Pro-opiomelanocortin (POMC) is a hormone precursor produced mainly in the hypothalamus and pituitary gland. In the pituitary, post-translational processing of POMC generates secretory peptide hormones – principally, the adrenocorticotrophic hormone. Previous studies showed that administration of monosodium glutamate (MSG) to neonatal rat induces several neuroendocrine, metabolic and behavioral abnormalities.

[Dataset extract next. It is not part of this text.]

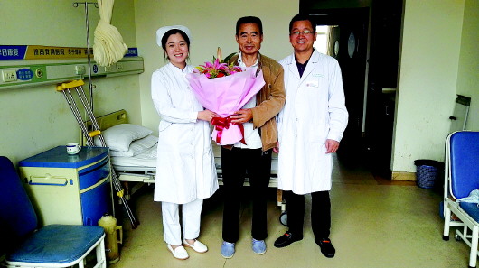 正跟病友们聊着天,济南骨科医院院长郭延章,主刀医生杨学良主任等医务人员抱着大束鲜花走了进来,“祝贺你战胜病魔,恭喜你重获健康”,郭延章将花送到王成森怀里,跟他握手拥抱。“这一刻太让人高兴了。”“出了院还要记得定期复查,注意保养啊。”杨学良主任作为主刀医生再次给王成森进行了检查,并一再叮嘱。

The objective of this work was to evaluate the expression of POMC mRNA in the rat pituitary and AtT-20 tumor cells following MSG administration. It was found that POMC mRNA expression in the pituitary gland of MSG-treated rats increased dramatically to 50%, while expression in pituitary AtT-20 tumor cells was inhibited. The POMC mRNA expression in the treated groups was reduced by more than 50% at every concentration of MSG used, ranging from 25 μM to 1,600 μM. POMC derived peptide, gamma 1-MSH, was also reduced, corresponding to mRNA expression level. This result has demonstrated that MSG has different effects on POMC gene expression between pituitary gland and pituitary tumor cells. This suggests that MSG has a neuronal excitatory effect on pituitary functions that enhances POMC gene expression by increasing the stress input through the central nervous system in response to high doses of MSG treatment. In contrast, in vitro, MSG decreased POMC gene expression in pituitary tumor cells; this may be a result of an excitatory toxic effect of MSG on those cells.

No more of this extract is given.